** Opening PROVIDED DATA block **

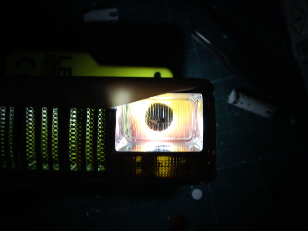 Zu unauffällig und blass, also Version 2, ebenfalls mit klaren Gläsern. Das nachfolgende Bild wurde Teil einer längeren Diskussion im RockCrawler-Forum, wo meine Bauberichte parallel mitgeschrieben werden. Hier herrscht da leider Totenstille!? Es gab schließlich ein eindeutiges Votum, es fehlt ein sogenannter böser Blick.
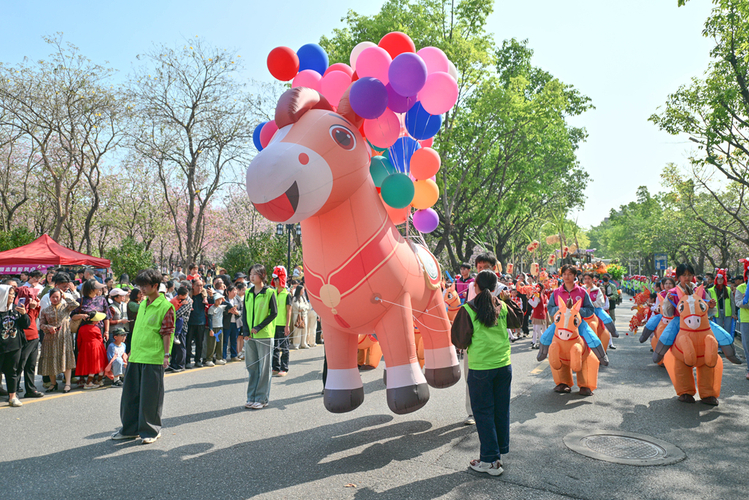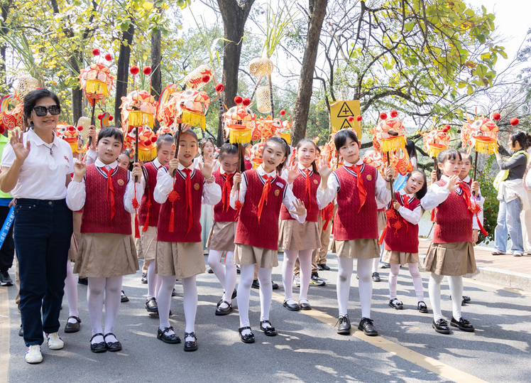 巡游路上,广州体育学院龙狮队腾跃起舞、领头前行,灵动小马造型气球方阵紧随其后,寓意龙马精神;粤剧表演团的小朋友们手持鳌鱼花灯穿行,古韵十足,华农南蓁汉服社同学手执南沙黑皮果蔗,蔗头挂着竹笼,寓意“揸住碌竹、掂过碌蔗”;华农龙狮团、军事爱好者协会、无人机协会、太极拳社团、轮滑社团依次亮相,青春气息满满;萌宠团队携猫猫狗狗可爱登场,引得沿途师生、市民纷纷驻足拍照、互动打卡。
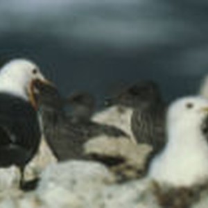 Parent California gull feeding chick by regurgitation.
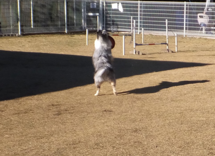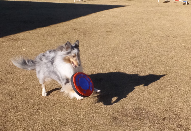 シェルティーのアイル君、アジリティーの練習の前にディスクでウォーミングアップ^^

** Closing PROVIDED DATA block **

# EXERCISE DETAILS
With the pictures set aside, copy each line above as written.

# EXPECTED ANSWER
 Zu unauffällig und blass, also Version 2, ebenfalls mit klaren Gläsern. Das nachfolgende Bild wurde Teil einer längeren Diskussion im RockCrawler-Forum, wo meine Bauberichte parallel mitgeschrieben werden. Hier herrscht da leider Totenstille!? Es gab schließlich ein eindeutiges Votum, es fehlt ein sogenannter böser Blick.
 巡游路上,广州体育学院龙狮队腾跃起舞、领头前行,灵动小马造型气球方阵紧随其后,寓意龙马精神;粤剧表演团的小朋友们手持鳌鱼花灯穿行,古韵十足,华农南蓁汉服社同学手执南沙黑皮果蔗,蔗头挂着竹笼,寓意“揸住碌竹、掂过碌蔗”;华农龙狮团、军事爱好者协会、无人机协会、太极拳社团、轮滑社团依次亮相,青春气息满满;萌宠团队携猫猫狗狗可爱登场,引得沿途师生、市民纷纷驻足拍照、互动打卡。
 Parent California gull feeding chick by regurgitation.
 シェルティーのアイル君、アジリティーの練習の前にディスクでウォーミングアップ^^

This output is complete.